In a ‘changes only’ update file, indicates whether the record is to be
inserted, amended or deleted (‘I’/’A’/’D’). For a full file refresh all
update markers in the file will be set to ‘R’.
"""
record_type: Annotated[Literal['L'], Field(1, discriminant=True)]
"""Record type discriminant. Contains ‘L’.”"""
uic_code: Annotated[str, Field(7)]
"""A unique code which identifies this location."""
end_date: Annotated[date, Field(8, parse_date_ddmmyyyy)]
"""
Last date for which this record can be used. Format is ddmmyyyy.
A high date (31122999) is used to indicate records which have no defined
end date.
"""
start_date: Annotated[date, Field(8, parse_date_ddmmyyyy)]
"""First date for which this record can be used. Format is ddmmyyyy."""
quote_date: Annotated[date, Field(8, parse_date_ddmmyyyy)]

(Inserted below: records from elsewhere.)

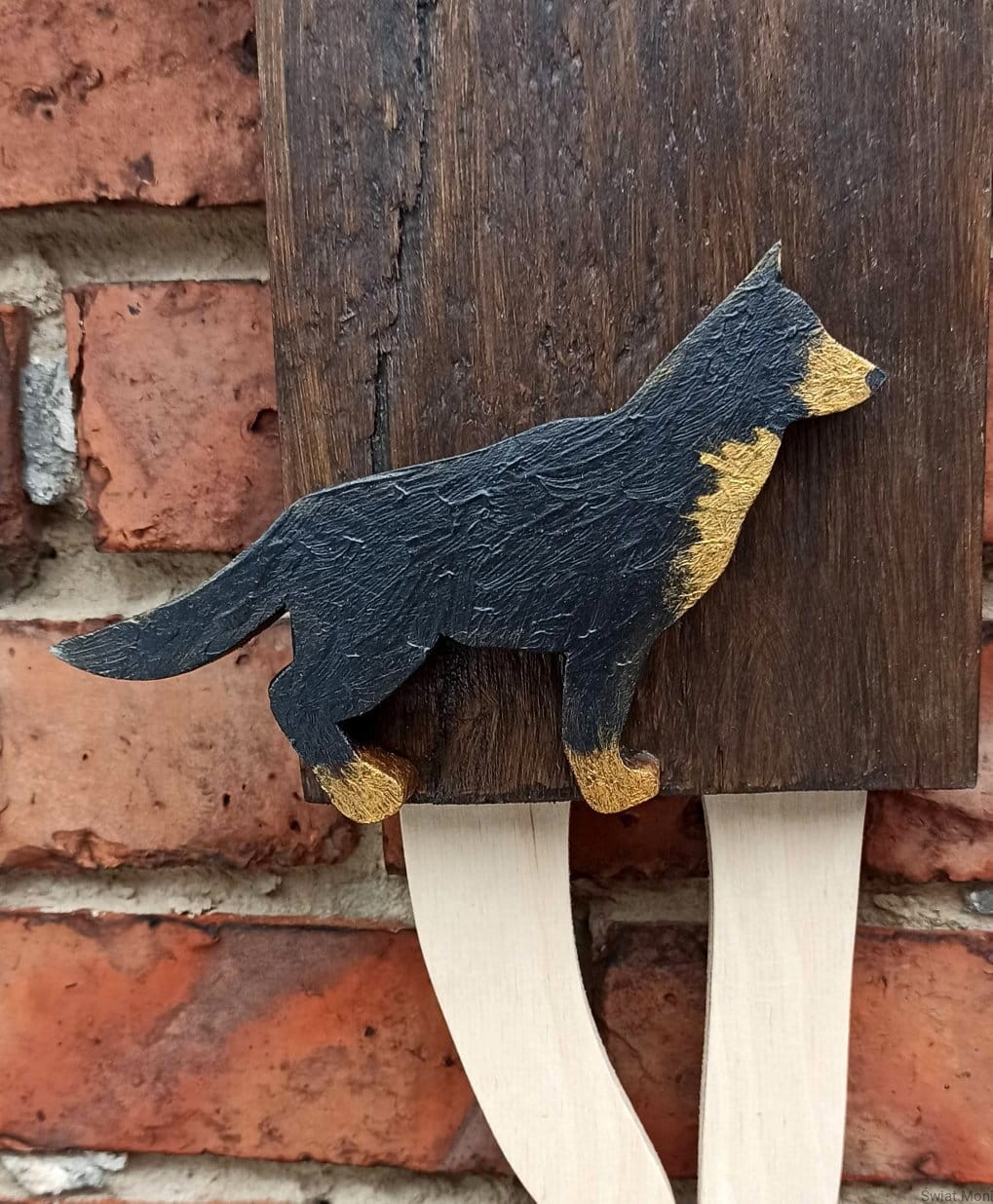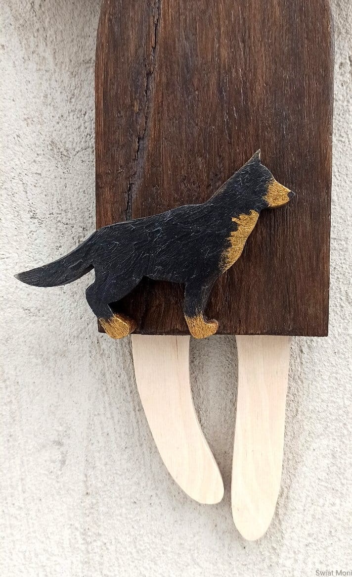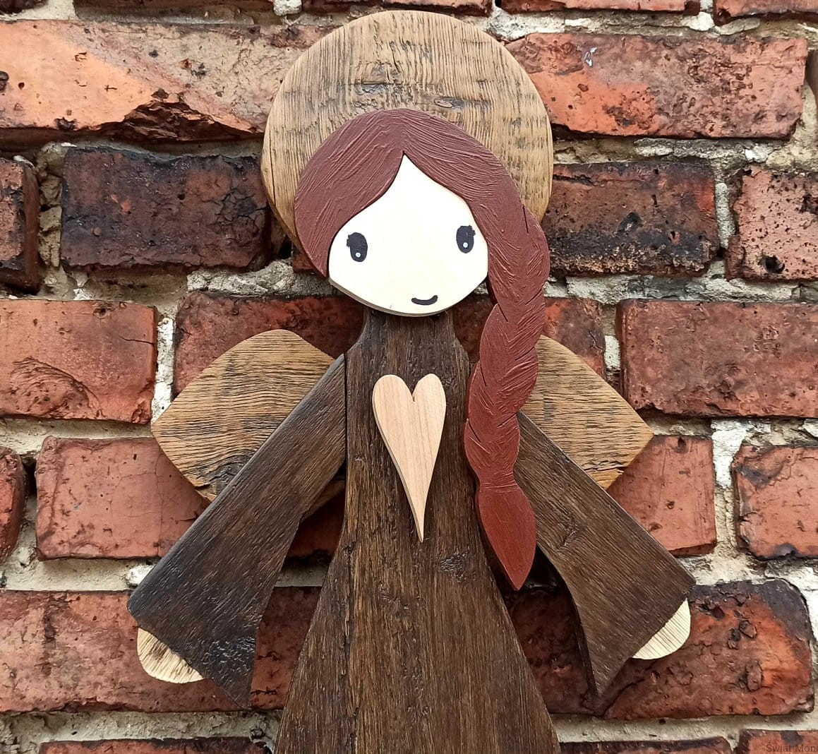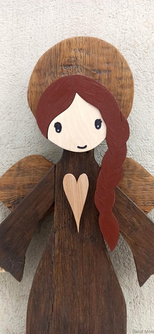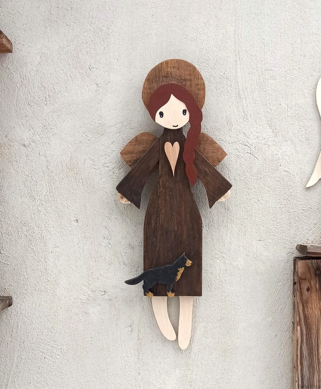 Anioł z warkoczem i psem. Wykonany ze starej deski plus dodatki ze sklejki. Wysokość to ok 70 cm. Na zamówienie dowolna kolorystyka i rasa psa lub inny Pupil domowy. Wystarczy napisać do mnie wiadomość a razem ustalimy szczegóły.
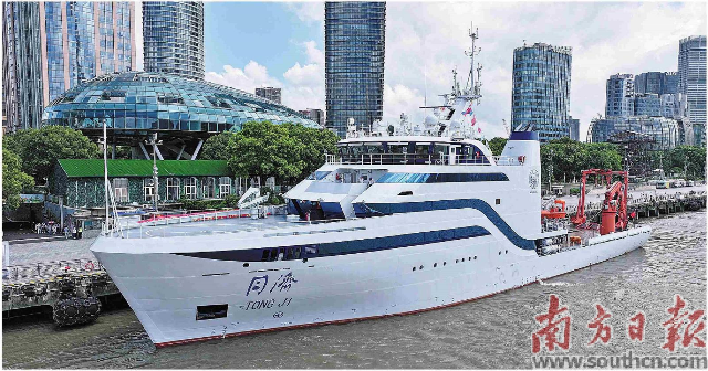 据悉,“同济”号是继“梦想”号、“探索三号”后在南沙建成的又一艘新型科考船。目前,南沙已基本形成以龙穴造船基地为主要承载区的船海产业集群,产能超550万载重吨,单船造船能力突破30万吨。
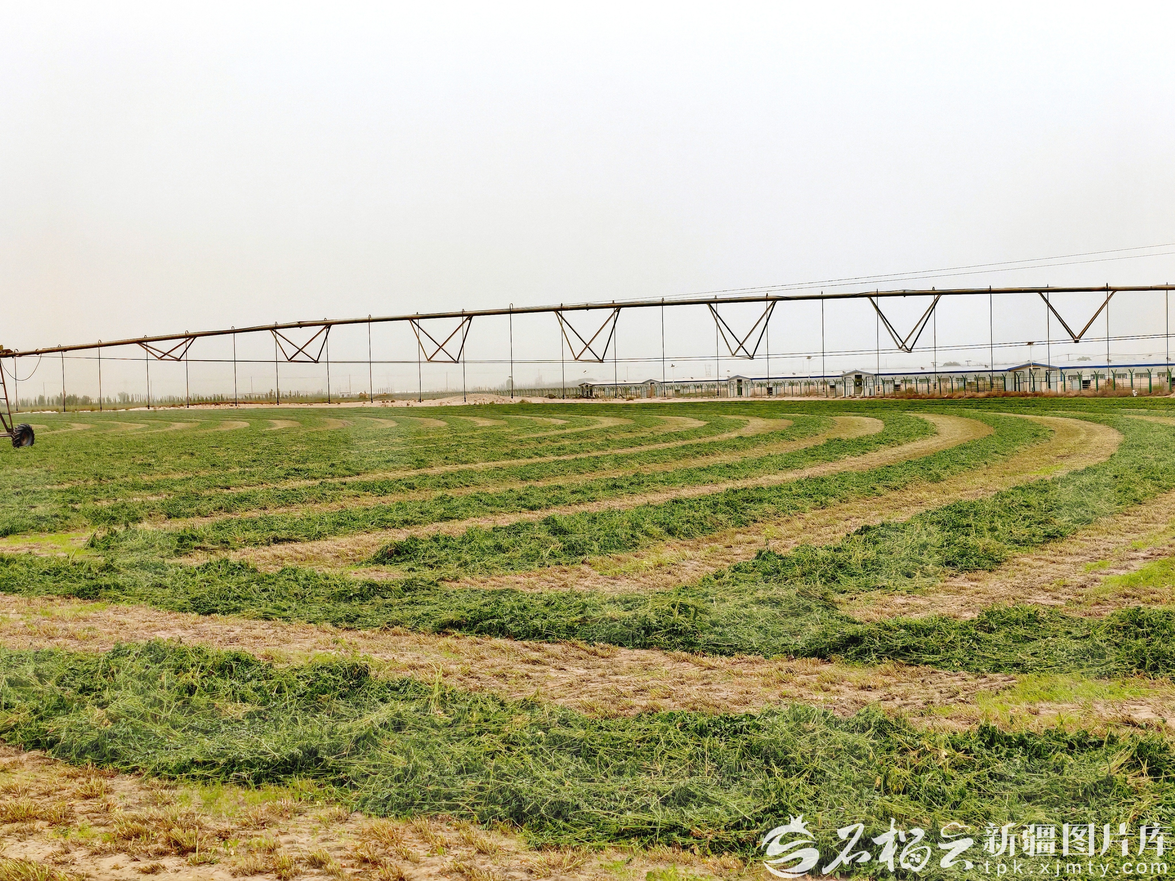 在和田县千亩苜蓿示范基地,指针式喷灌机灌溉让戈壁上长出优质饲草。张树振摄
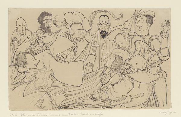 This is James Ensor’s print, *Envy,* and looking at the marks, it feels like he probably made it using etching and drypoint. The lines are scrubby and scratchy, and there's this whole swarm of grotesque figures crowding around a central couple with a baby, their faces a riot of disapproval. The whole thing kind of vibrates with a weird, unsettling energy. It's like a scene from a nightmare, where everyone's judging you. I love how Ensor creates depth and texture through the density of his linework. Look at the way he renders the faces, each line digging into the surface of the plate, leaving a mark that's both delicate and raw. The colour is built up through many layers, with these unexpected, lurid pops of yellow and red. The whole thing looks like it’s been dug up from somewhere, like a buried memory, or a half-remembered bad dream. It reminds me of Otto Dix, the way he used the language of caricature to expose the dark underbelly of society. For Ensor, as for Dix, art is not just about beauty, but about confronting the messy, uncomfortable truths of human experience.
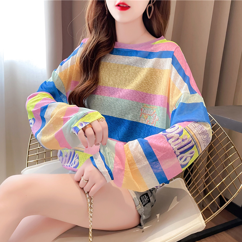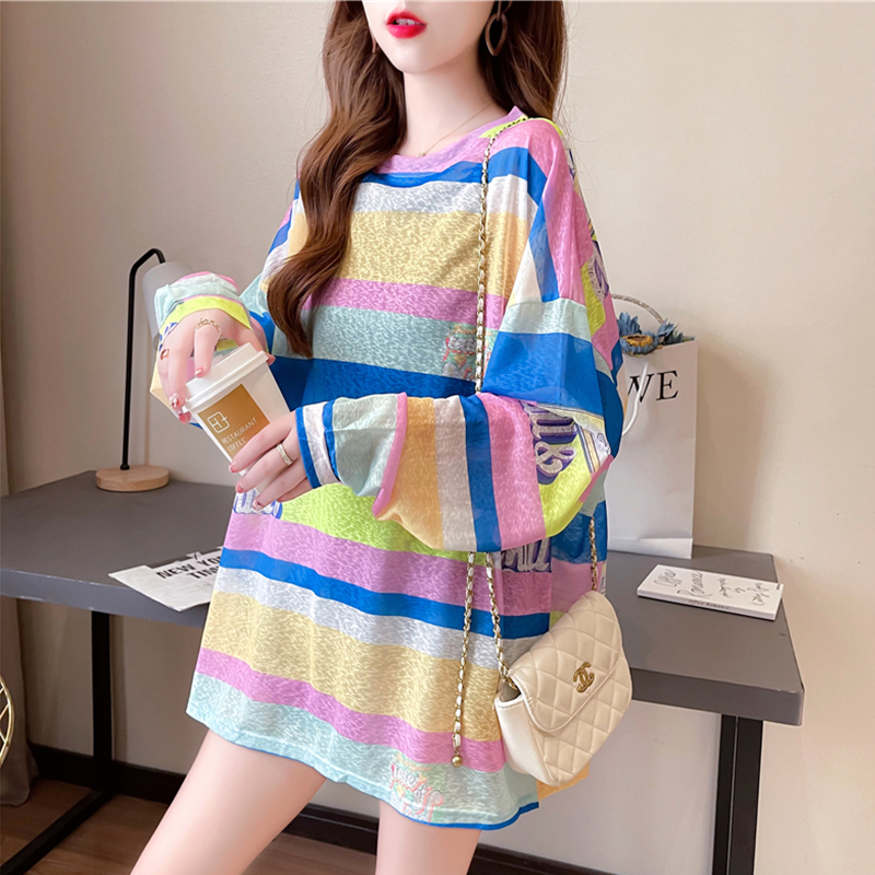 长袖t恤女夏季韩版宽松大码中长款防晒衣薄款条纹空调衫罩衫上衣
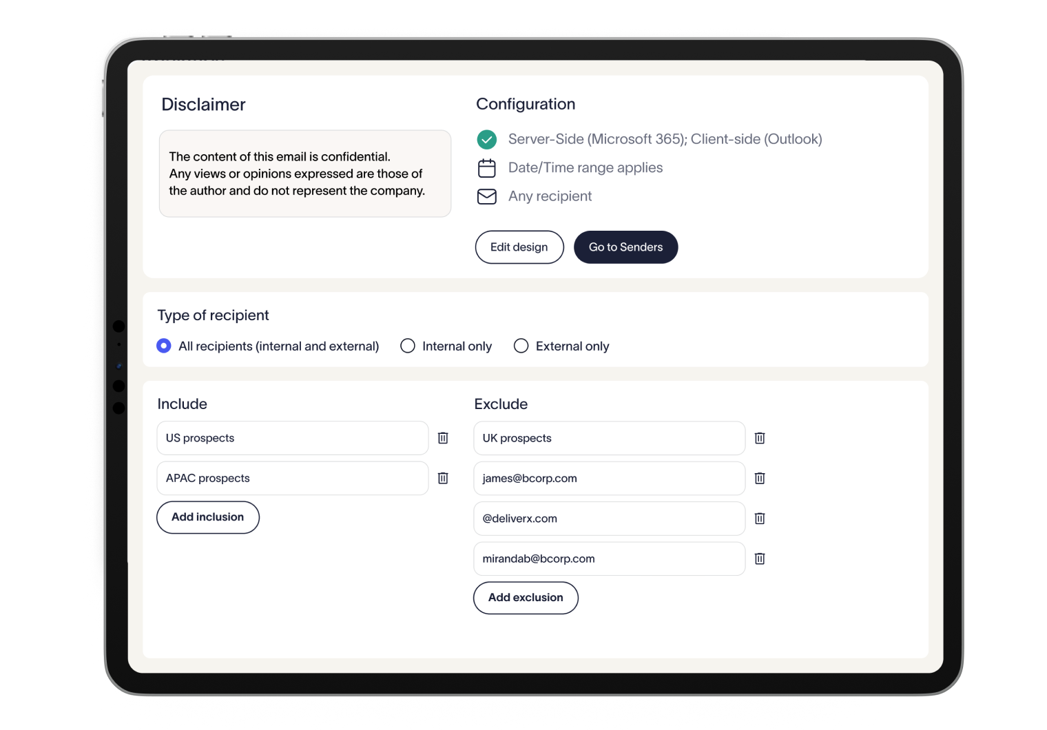 Dedicated settings allow you to tailor disclaimers by sender or recipient. Whether it’s internal teams, external partners, or specific regions, your business can stay compliant while keeping communications relevant.
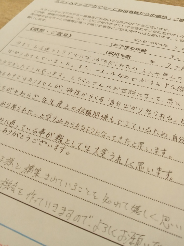 今までお友達とトラブルになりがちだったため、大人や年上の子とばかり遊んでいました。 また、一人っ子なのでがまんする機会も少なかったように思います。 ミライムさんにお世話になって、急に変われるわけではありませんが、特性からくる「自分ばかり怒られる」という気持ちがやわらぎ、先生達との信頼関係もできているため、自分が悪いことをしたから怒られた…と受け止められるようになってきたと思います。 何より、いつも楽しみに通っている事が親としては大変うれしく思います。本当にありがとうございます。
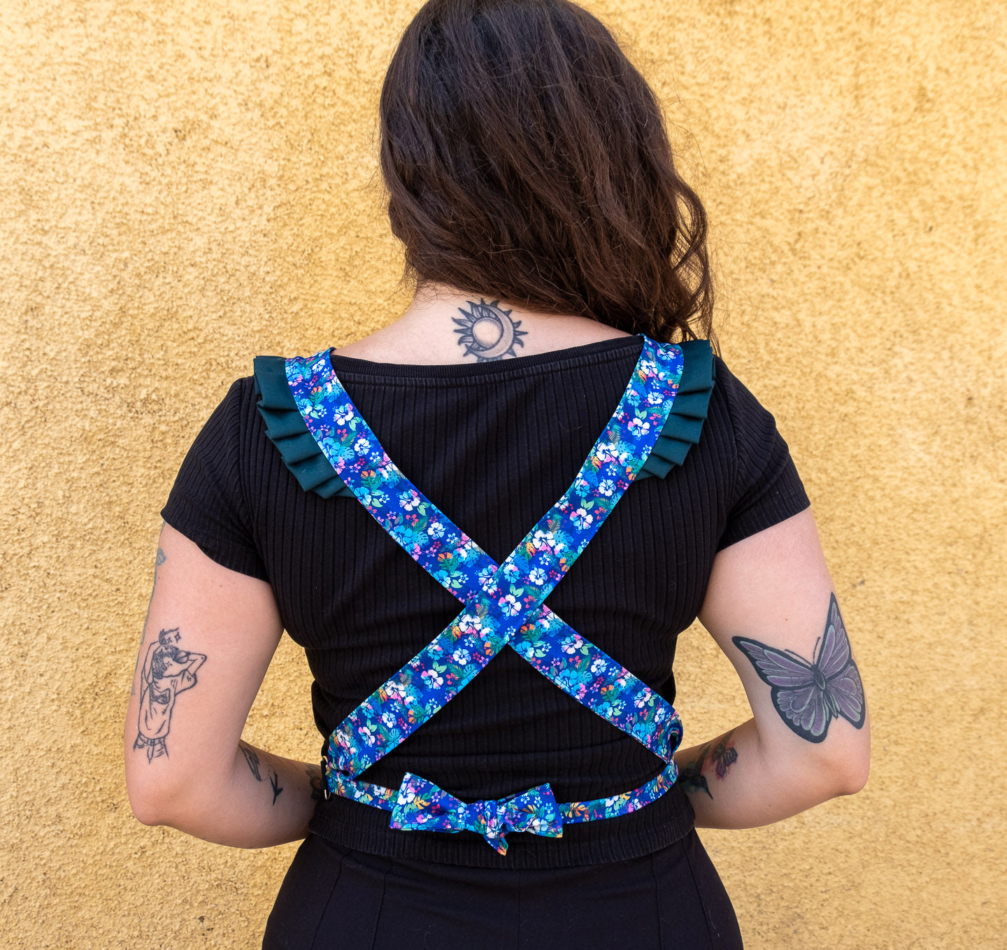 Colores y telas: Al igual que en todas las prendas puedes escoger tu combinación de telas indicando tus preferencias seleccionándolas arriba. El cuerpo sera del color liso que selecciones en los circulos y la amarra del estampado que quieras de los cuadrados. Si tienes dudas sobre las características de las telas revisa aqui.
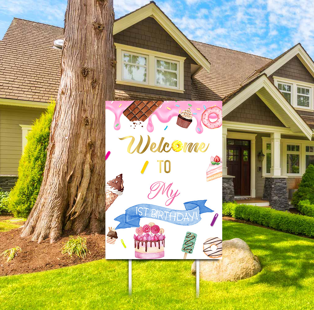 The Candy Land theme Welcome board sign is ideal for any home location or outside space. Welcome your friends and family members with a stunning welcome Birthday Party board.
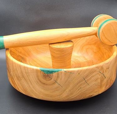 Terilnik za oreščke iz lesa češnje, polnjen z zelenim epoxy pigmentom. Zaključeno z oljem in voskom.
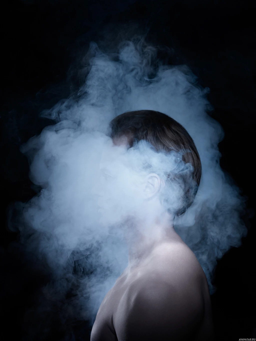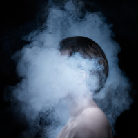 a backdrop of smoke or steam, which creates an illusion as if the person's head is disappearing into the cloud. It appears to be a creative and possibly symbolic photograph capturing a moment where the individual seems to be immersed in or blending with the surrounding atmosphere. The use of this effect emphasizes
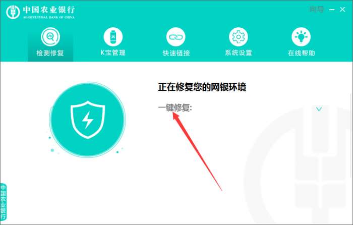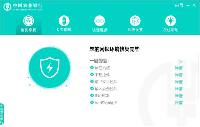 “一键修复后,网银助手就为您做好了登录网银的一切准备,您可以通过【快速链接】,选择您需要的网上银行服务

"""First date on which this record can be queried. Format is ddmmyyyy."""
admin_area_code: Annotated[str, Field(3)]
"""Administrative area code (e.g. ‘70 ‘ = Britain)."""
nlc_code: Annotated[str, Field(4)]
"""
National location code, for British locations only. No value is output in
this field for non-GB locations.
"""
description: Annotated[str, Field(16)]
"""Location description."""
crs_code: Annotated[str, Field(3)]
"""
Where present, gives the location code as used by the Central
Reservations System (superseded by NRS). Contains spaces for locations
with no CRS code.
"""
resv_code: Annotated[str, Field(5)]
"""The international reservation code."""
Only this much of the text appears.